## Exercise
Only the lines below from the one that holds "Their position, in" through the one that holds "7月1日,小朋友在河北省遵化市娘娘莊鎮水上樂(lè )園戲水避暑。" should appear in the answer, copied exactly, end lines included and pictures omitted.

## Data below

§

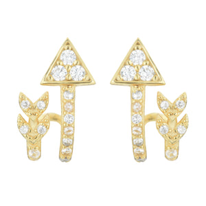 These Arrow Huggie Earrings With Crystals are cool, hip, and modern! Change up your everyday huggies with these arrow earrings. The arrow is a reminder to always look forward and aim for your goals. Sometimes life can be challenging and you can feel like you are stuck. Always remember to take one step forward at a time and trust in the future. Pair these huggies with some of our other studs for a fun layered look, or wear them on their own!
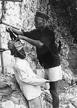 Their position, in reference to the other tau tau, in the rock face would indicate the status of the deceased. The cave builders usually require payment of several buffalos that only the sufficiently wealthy can afford.[1] The less wealthy elites generally have their tau tau made from bamboo, which will be undressed at the end of the funeral, leaving only the bamboo on the ritual field. There are regional variations in the types of tau tau used, also.
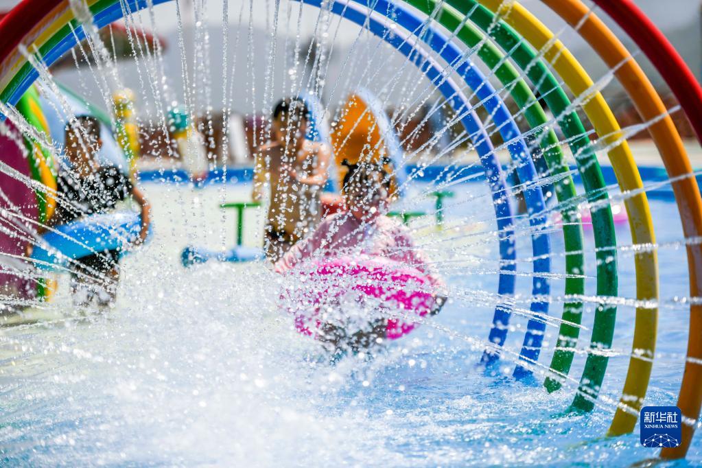 7月1日,小朋友在河北省遵化市娘娘莊鎮水上樂(lè )園戲水避暑。
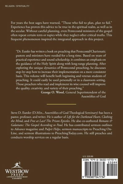 For years the best sages have warned, "Those who fail to plan, plan to fail." Experience has proven this advice to be true in the spiritual realm, as well as in the secular. Without careful planning, even Pentecostal ministers of the gospel often repeat certain texts or topics while they neglect other critical truths. This frequent phenomenon inspired the integrated approach in this project. "Dr. Eutsler has written a book on preaching that Pentecostal/Charismatic pastors and ministers have needed for a long time. Based on years of practical experience and sound scholarship, it combines an emphasis on the guidance of the Holy Spirit along with long-range planning. After exploring the unique dynamics of Pentecostal preaching, he discusses step-by-step how to increase their implementation on a more consistent basis. This volume will benefit both beginning and veteran students of preaching. It could easily be used personally or in a classroom setting. Those preachers who read and implement its wise counsel will improve the quality, creativity, and variety of their preaching." George O. Wood, General Superintendent of the Assemblies of God

§

## Output below
 Their position, in reference to the other tau tau, in the rock face would indicate the status of the deceased. The cave builders usually require payment of several buffalos that only the sufficiently wealthy can afford.[1] The less wealthy elites generally have their tau tau made from bamboo, which will be undressed at the end of the funeral, leaving only the bamboo on the ritual field. There are regional variations in the types of tau tau used, also.
 7月1日,小朋友在河北省遵化市娘娘莊鎮水上樂(lè )園戲水避暑。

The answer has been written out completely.